In investigating the role of the curator, O’Neill’s narrative locates the role of the curator within the traditional, hermetic curatorial discourse. He reproduces its academic and wordy rhetoric, while rarely addressing how its relevance may be shifting in contemporary times, where many producers who operate outside of the art world, outside of curatorial discourse, are assuming the role of curators via blogging and the organization/distribution of images and ideas online. Bloggers curate content on the web, stringing together a narrative through the juxtaposition and combination of found imagery, providing new context to disparate sources. O’Neill describes exhibitions as “a grouping together of diverse works, presented as if in mutual dialogue with one another and mediated as a personal narrative proffered by a single author-curator.” This same definition could apply to a Tumblr, where reblogged content stands in for the art object and the URL stands in for the gallery or exhibition space.
O’Neill successfully describes how curating has become a high-profile and highly influential profession within the art world: curation gradually became professionalized. But what makes contemporary curating exciting to me is that the roles of a new generation of curators are inherently unprofessional. Bloggers curate, but they do so outside of the art world and outside of the traditional curatorial discourse. Their source material—images and videos found online and accessible to all—cannot be commodified. What does it mean to curate content that is inherently independent of the market? How might the irrelevance of the market change the way curators decide what to include and exclude? And as this newest generation of curators mixes artistic content with “low” culture content on their Tumblrs and value an image’s potential to become viral over its association with a specific author or artist, what might this mean for the future role of the artist?

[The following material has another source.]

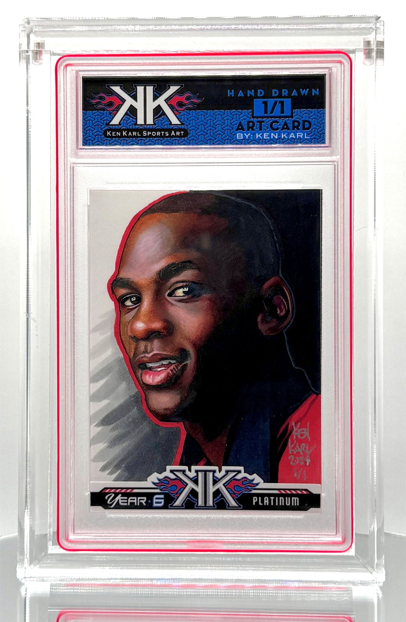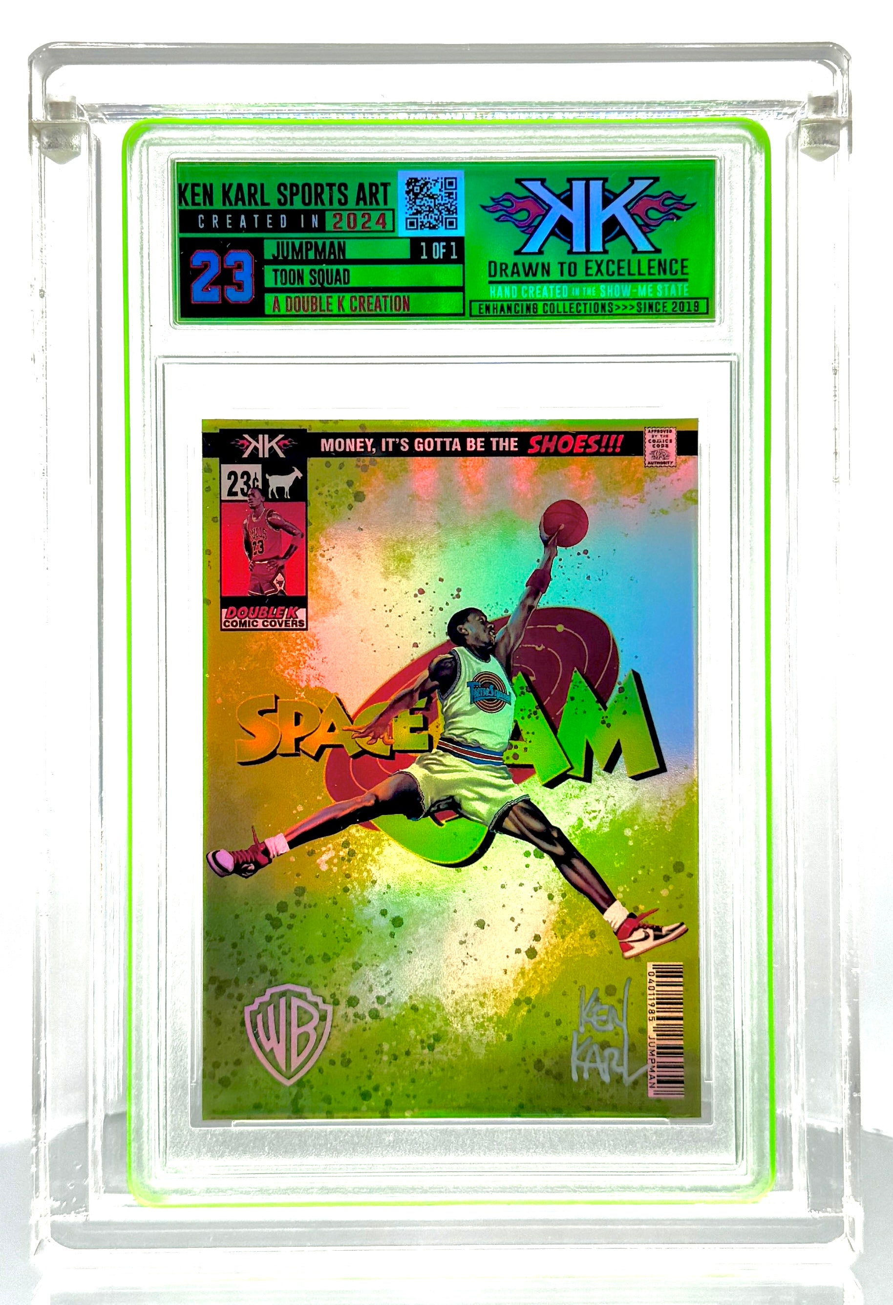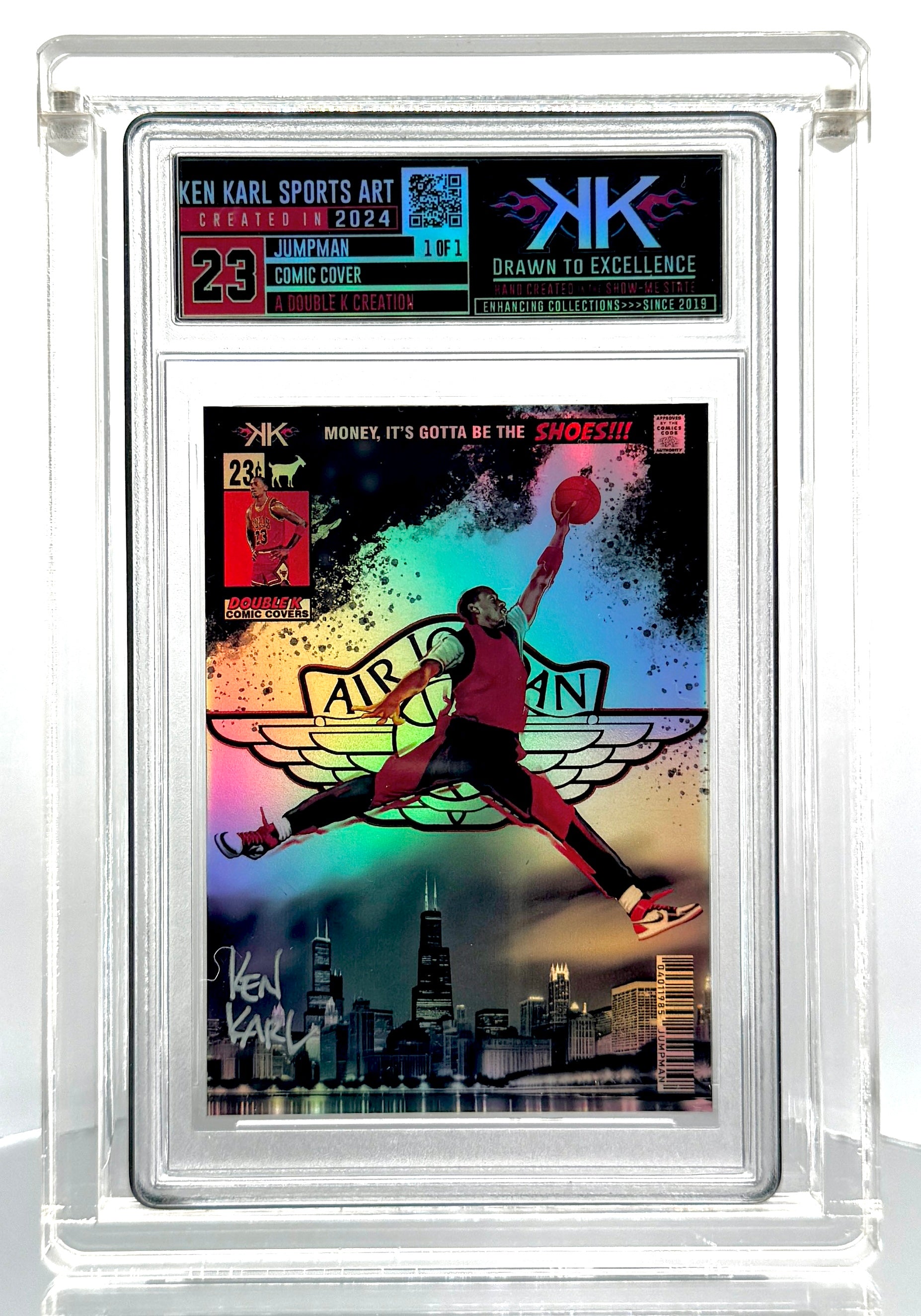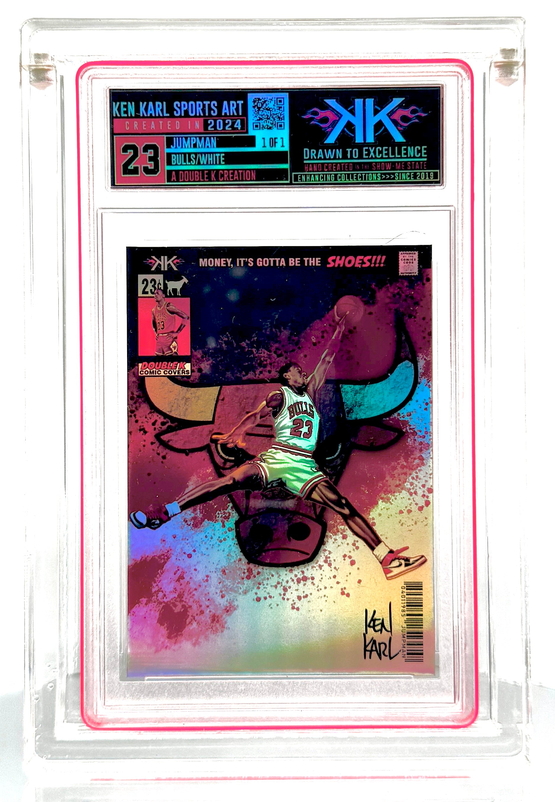A NEW look at the ICONIC Jordan JUMPMAN!! These are limited to just (25) JUMPMAN 1/1 art cards. NEVER have we seen MJ in each of these uniforms in his iconic JUMPMAN pose! EACH art card is a UNIQUE piece of ORIGINAL ART. Ken has painted each image creating multiple versions of this artwork, unique 1/1 versions produce on trading card sized holographic film. ALL art cards are either (1) of the images posted or a variant thereof, including a single GOLD card. In hopes of adding even more anticipation to the drop, you will receive (1) RANDOM card from this JUMPMAN set with each purchase. I will also be including the NEW CASE BRICKS in the photos with your purchase as well!! I am ALWAYS trying to make a better collectible for my collectors. I have also produced a special COMPANION 1/1 CARD for this drop. An ON CARD original drawing of Jordan around the time the infamous JUMPMAN logo was created!!

If O’Neill is interested in the role of the contemporary curator, I don’t believe it is enough to simply outline how the curatorial profession has come into existence. What is more interesting to me is how we might imagine contemporary curation to exist outside of the exhibition space, and to address the curatorial voices that are being expressed unprofessionally online. To fully understand the role of the contemporary curator, we need to develop an understanding of the larger context in which the distribution and reception of art operates outside of curatorial discourse. We need to examine how the reception of art is changing as it is circulated primarily as documentation online, and how new curatorial trends are emerging that don’t necessarily rely on the notion of authorship or the art market. O’Neill has provided a thorough account of recent curatorial history, but he fails to give us clues to or considerations of its future. He conducts his research within the field of curatorial discourse, and that’s where it remains.